> _TASK OBJECTIVE_
Please copy out the entries exactly, skipping any pictures.

> _GIVEN DATA_
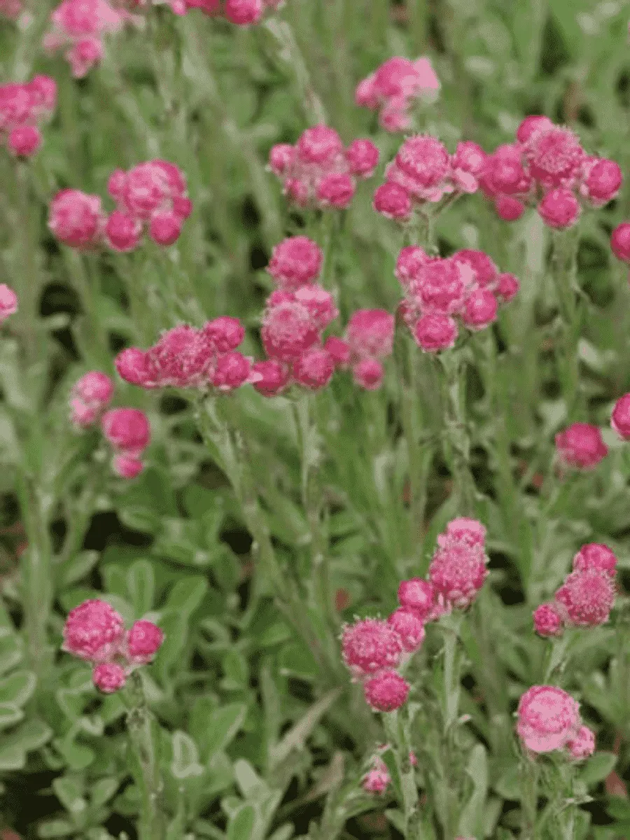 Антеннария двудомная сорта *Bright Rose* — очаровательное травянистое растение семейства Астровых (Asteraceae), покоряющее сердца садоводов нежностью своего облика и неприхотливостью ухода. Это компактный многолетник высотой до 15–20 см, формирующий плотную куртинку густо покрытых мелкими листьями стеблей. Листья овально-ланцетной формы, слегка пушистые, серовато-зелёного оттенка, придающие растению бархатистый шарм. Цветёт обильно и продолжительно, начиная с конца весны и вплоть до середины лета, покрываясь множеством мелких корзинок цветков нежно-розового цвета, словно миниатюрные розочки, украшающие зелёный ковёр. Благодаря своей способности легко разрастаться и укореняться даже в сложных условиях, антеннария идеально подходит для оформления альпийских горок, рокариев и бордюров, создавая живописные композиции и привлекая внимание своим мягким очарованием.
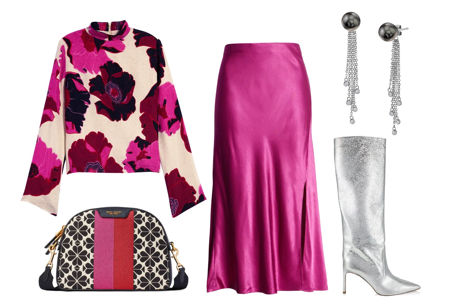 A much less predictable method to embrace the Valentine’s Day festivities is by taking another shade route. Meet fuchsia, aka pink’s scorching cousin. Swap the hearts for florals and geometric patterns for a playful mixture of prints that conveys eclectic allure. A satiny skirt in a daring shade is a no-fuss, simple choice for a glance that’s totally polished but easy. Pair all of it up with silver particulars for a glance that actually shines.
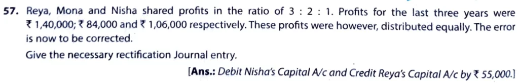 Reya, Mona, and Nisha shared profits in the ratio of 3 : 2 : 1. Profits for the last three years were ₹ 1,40,000; ₹ 84,000, and ₹ 1,06,000 respectively. These profits were by mistake distributed equally. The error is now to be corrected.
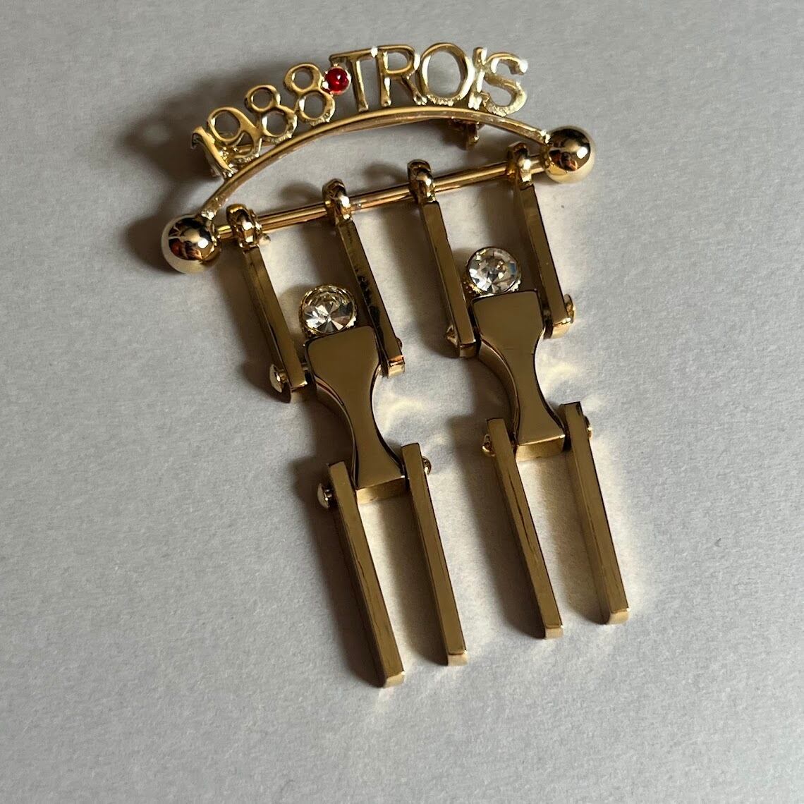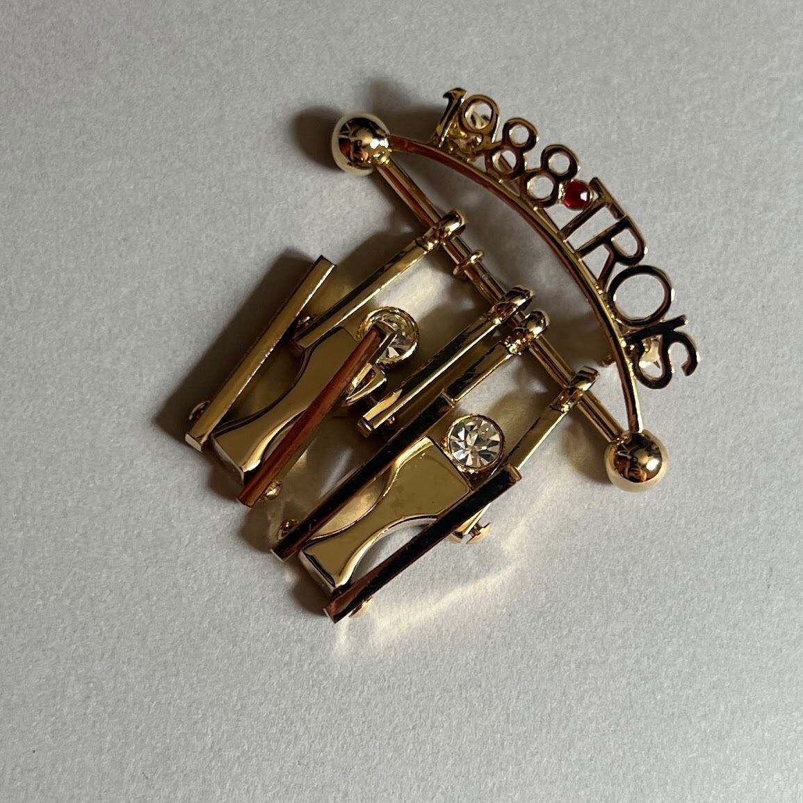 ぶら下がった二人の手や足が、横に縦に揺れるユニークなブローチです。
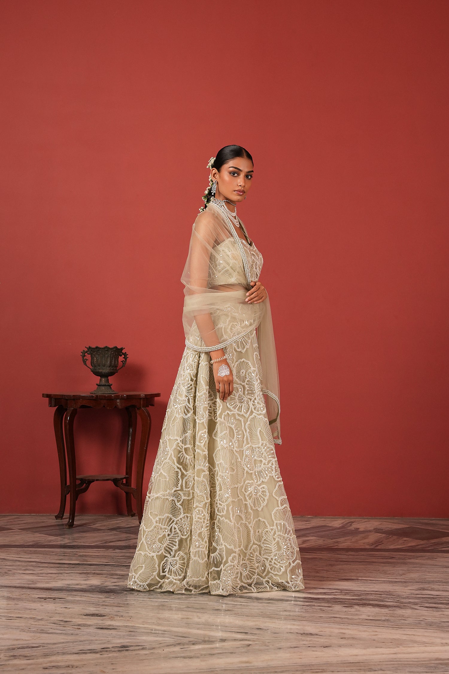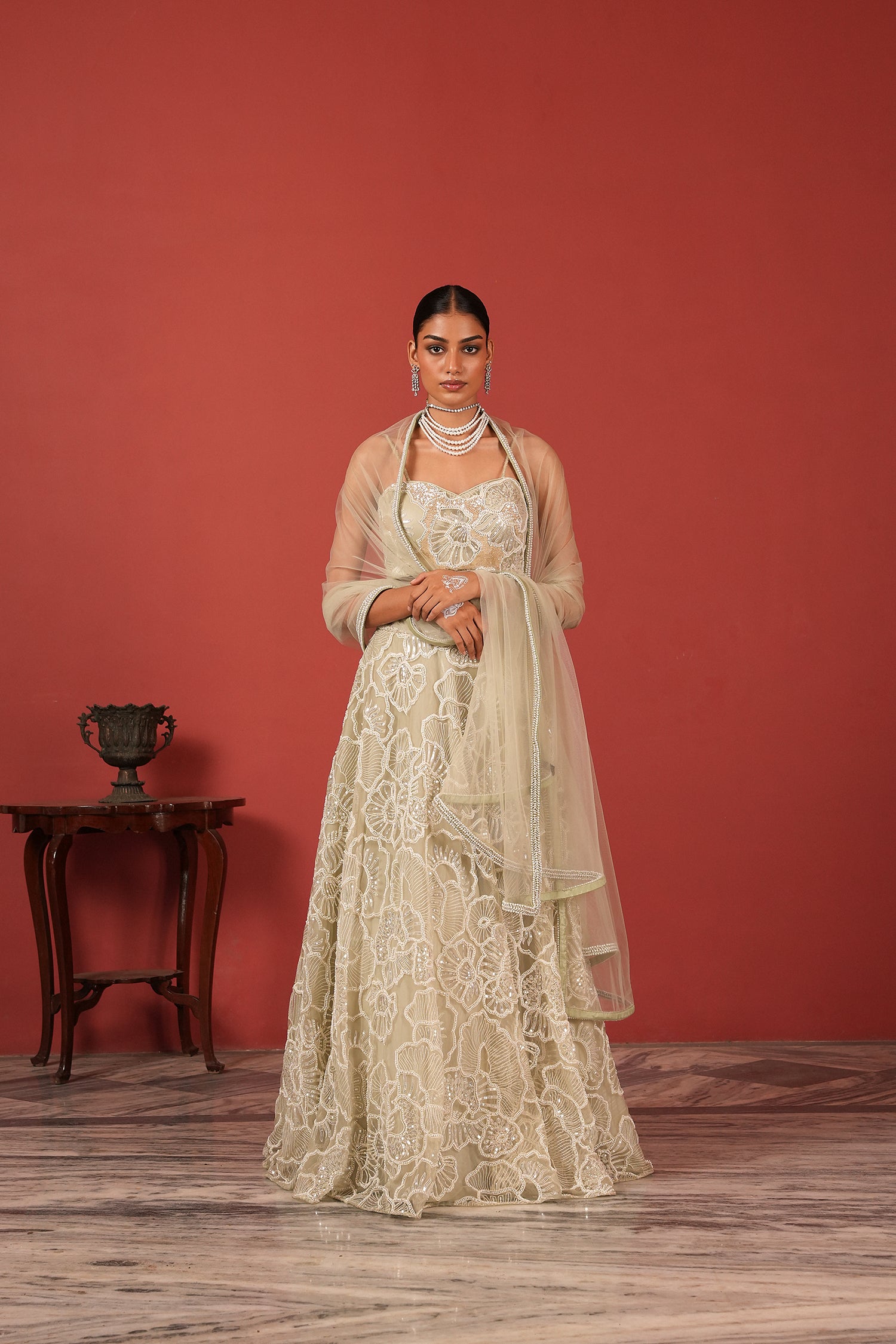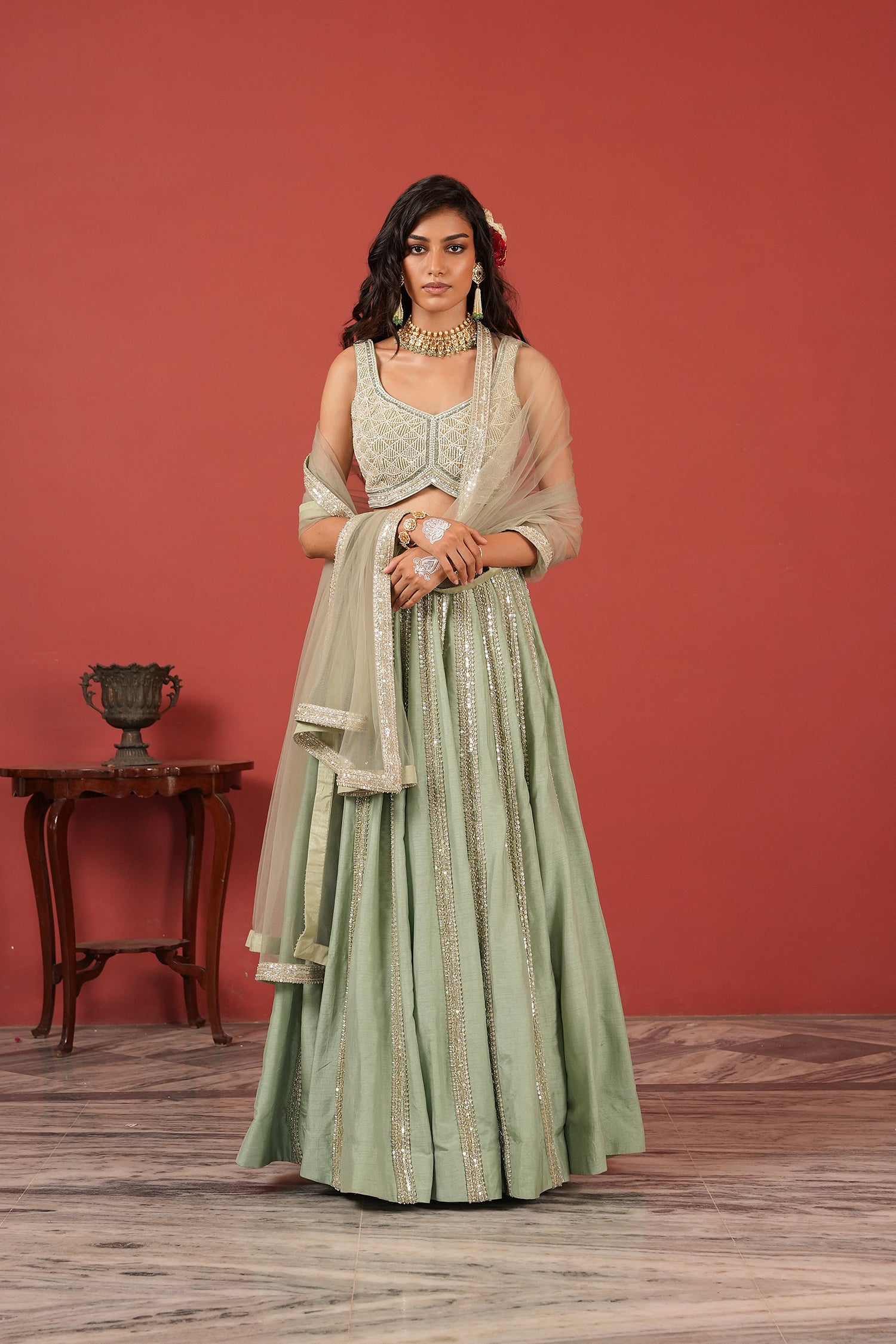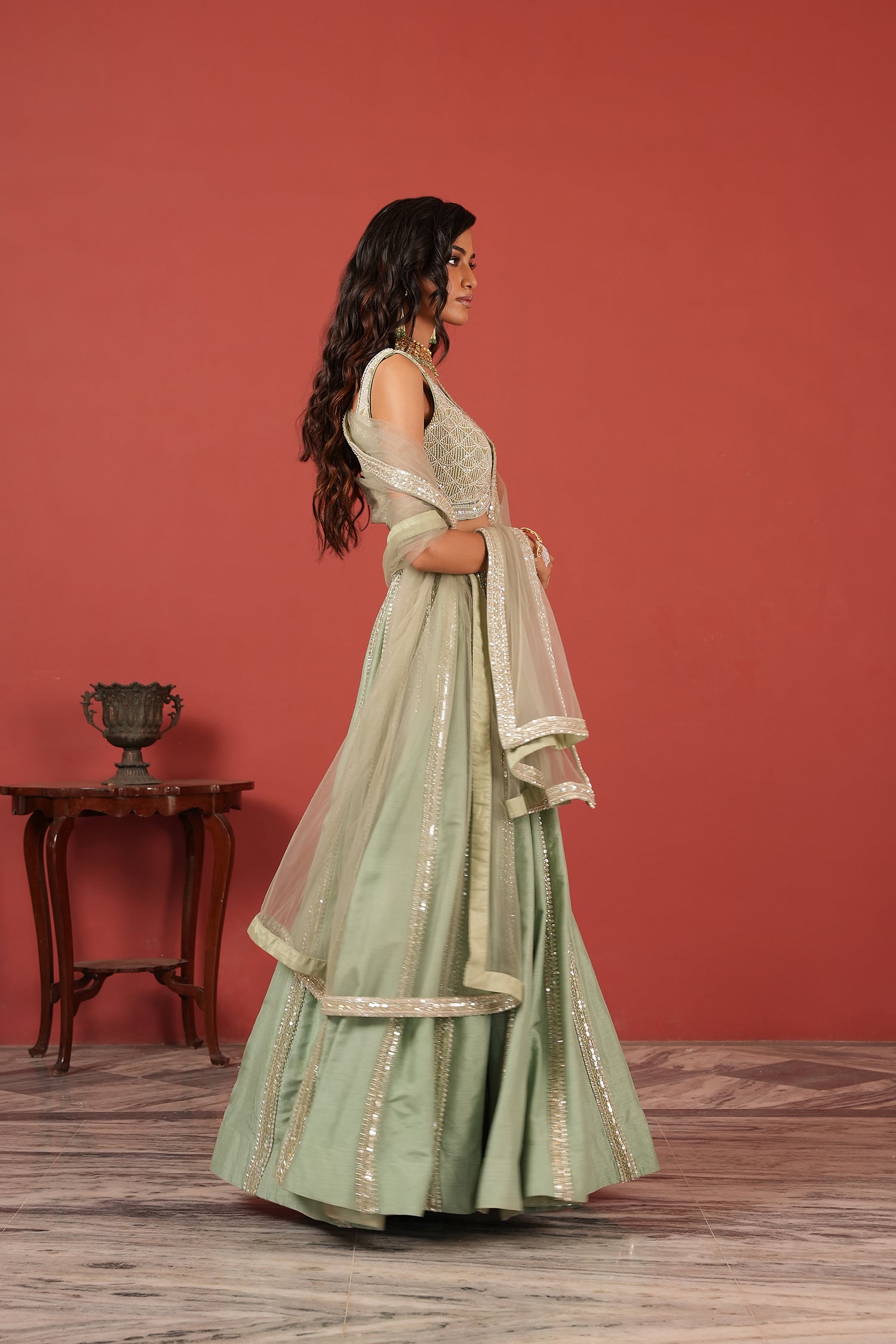 Olive Recycled Polyester Metallic Embroidered Lehenga Set
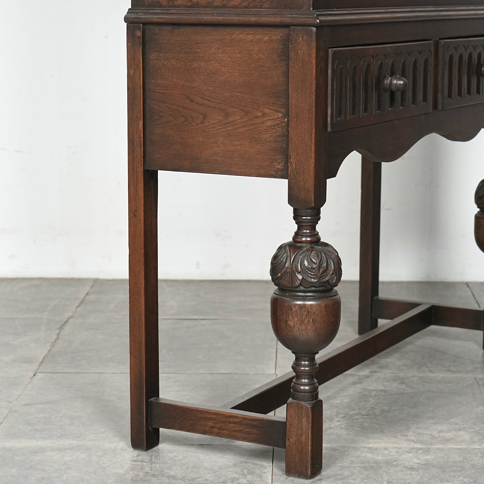 高品質なオーク材の力強い木目や質感に加えて、イギリスらしいガラス面のデザインや、程よい存在感を放つバルボスレッグが印象的です。
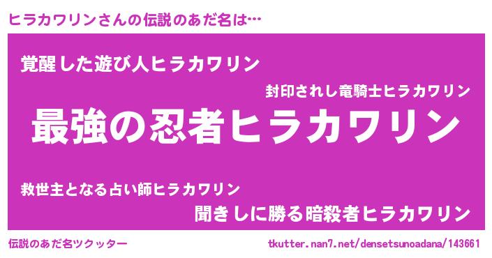 | ファンタジー風あだ名 | 『エターナルヒラカワリンー』 |
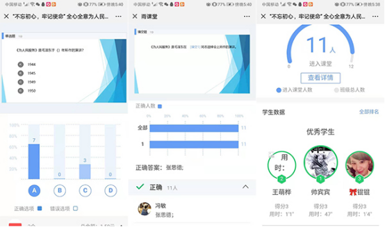 本次授课,刘洪静书记采用“雨课堂”的智慧教学方式,课堂中加入了课堂提问、限时抢答和实时奖励等环节,教学形式独特而生动。党课上,刘洪静书记以“毛泽东同志于1944年9月8日在张思德同志追悼会上所作的演讲‘为人民服务’”为引,将其与十八大习近平总书记提出的“以人民为中心”思想相结合,指出我党始终践行全心全意为人民服务的宗旨,始终把人民放在心中的最高位置,始终为人民利益而奋斗。他强调,共产党员必须坚持以人民为中心的发展理念,学习习近平总书记“我将无我、不负人民”的崇高境界,把人民对美好生活的向往作为奋斗目标,全心全意为人民服务。
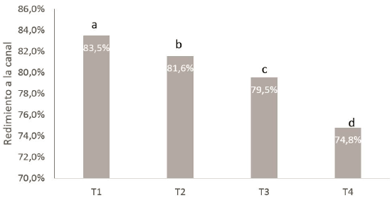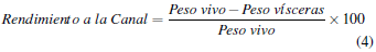 La variable rendimiento a la canal, se la realizó una vez que los animales alcanzaron el peso comercial (aproximadamente 100 kg) con 5 meses de edad. Esta variable es la relación del peso vivo del animal y el peso después del faenamiento sin vísceras.
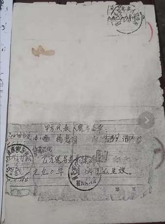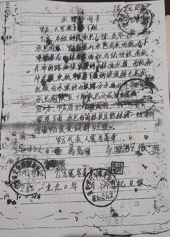 1990年8月24日,我们组的600余亩荒山承包给本组村民陈某华、杨某金、杨某华等10人造林。当天晚上,十个承包人还签名按手印。承包期限为20年,分为比例,本组全体村民占20%,大队占10%,林业站占20%,十个承包人占50%,乙方代表人陈某华,写协议人是陈某华的亲大哥陈某祥。1990年的那年,我们这里还没有电灯,照的是煤油灯,陈某祥写好读给大家听,年限和分为都没有错,接着村民代表就签字盖章。当时写的只有1份,一共2页。
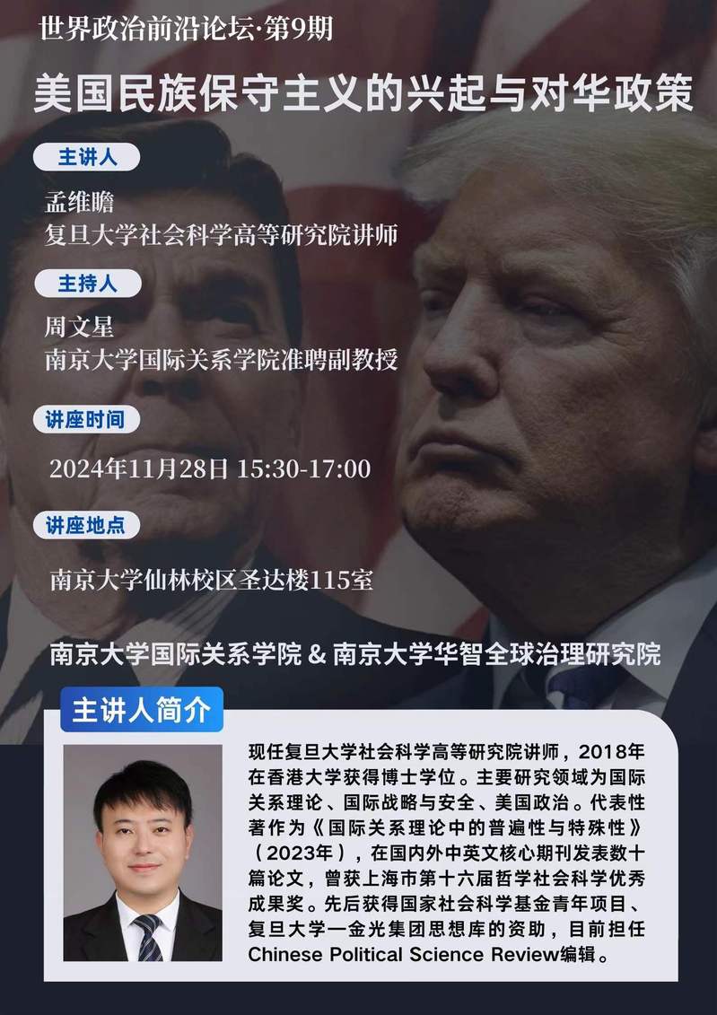 【讲座预告】孟维瞻:美国民族保守主义的兴起与对华政策

> _RESPONSE TO THE TASK_
 Антеннария двудомная сорта *Bright Rose* — очаровательное травянистое растение семейства Астровых (Asteraceae), покоряющее сердца садоводов нежностью своего облика и неприхотливостью ухода. Это компактный многолетник высотой до 15–20 см, формирующий плотную куртинку густо покрытых мелкими листьями стеблей. Листья овально-ланцетной формы, слегка пушистые, серовато-зелёного оттенка, придающие растению бархатистый шарм. Цветёт обильно и продолжительно, начиная с конца весны и вплоть до середины лета, покрываясь множеством мелких корзинок цветков нежно-розового цвета, словно миниатюрные розочки, украшающие зелёный ковёр. Благодаря своей способности легко разрастаться и укореняться даже в сложных условиях, антеннария идеально подходит для оформления альпийских горок, рокариев и бордюров, создавая живописные композиции и привлекая внимание своим мягким очарованием.
 A much less predictable method to embrace the Valentine’s Day festivities is by taking another shade route. Meet fuchsia, aka pink’s scorching cousin. Swap the hearts for florals and geometric patterns for a playful mixture of prints that conveys eclectic allure. A satiny skirt in a daring shade is a no-fuss, simple choice for a glance that’s totally polished but easy. Pair all of it up with silver particulars for a glance that actually shines.
 Reya, Mona, and Nisha shared profits in the ratio of 3 : 2 : 1. Profits for the last three years were ₹ 1,40,000; ₹ 84,000, and ₹ 1,06,000 respectively. These profits were by mistake distributed equally. The error is now to be corrected.
 ぶら下がった二人の手や足が、横に縦に揺れるユニークなブローチです。
 Olive Recycled Polyester Metallic Embroidered Lehenga Set
 高品質なオーク材の力強い木目や質感に加えて、イギリスらしいガラス面のデザインや、程よい存在感を放つバルボスレッグが印象的です。
 | ファンタジー風あだ名 | 『エターナルヒラカワリンー』 |
 本次授课,刘洪静书记采用“雨课堂”的智慧教学方式,课堂中加入了课堂提问、限时抢答和实时奖励等环节,教学形式独特而生动。党课上,刘洪静书记以“毛泽东同志于1944年9月8日在张思德同志追悼会上所作的演讲‘为人民服务’”为引,将其与十八大习近平总书记提出的“以人民为中心”思想相结合,指出我党始终践行全心全意为人民服务的宗旨,始终把人民放在心中的最高位置,始终为人民利益而奋斗。他强调,共产党员必须坚持以人民为中心的发展理念,学习习近平总书记“我将无我、不负人民”的崇高境界,把人民对美好生活的向往作为奋斗目标,全心全意为人民服务。
 La variable rendimiento a la canal, se la realizó una vez que los animales alcanzaron el peso comercial (aproximadamente 100 kg) con 5 meses de edad. Esta variable es la relación del peso vivo del animal y el peso después del faenamiento sin vísceras.
 1990年8月24日,我们组的600余亩荒山承包给本组村民陈某华、杨某金、杨某华等10人造林。当天晚上,十个承包人还签名按手印。承包期限为20年,分为比例,本组全体村民占20%,大队占10%,林业站占20%,十个承包人占50%,乙方代表人陈某华,写协议人是陈某华的亲大哥陈某祥。1990年的那年,我们这里还没有电灯,照的是煤油灯,陈某祥写好读给大家听,年限和分为都没有错,接着村民代表就签字盖章。当时写的只有1份,一共2页。
 【讲座预告】孟维瞻:美国民族保守主义的兴起与对华政策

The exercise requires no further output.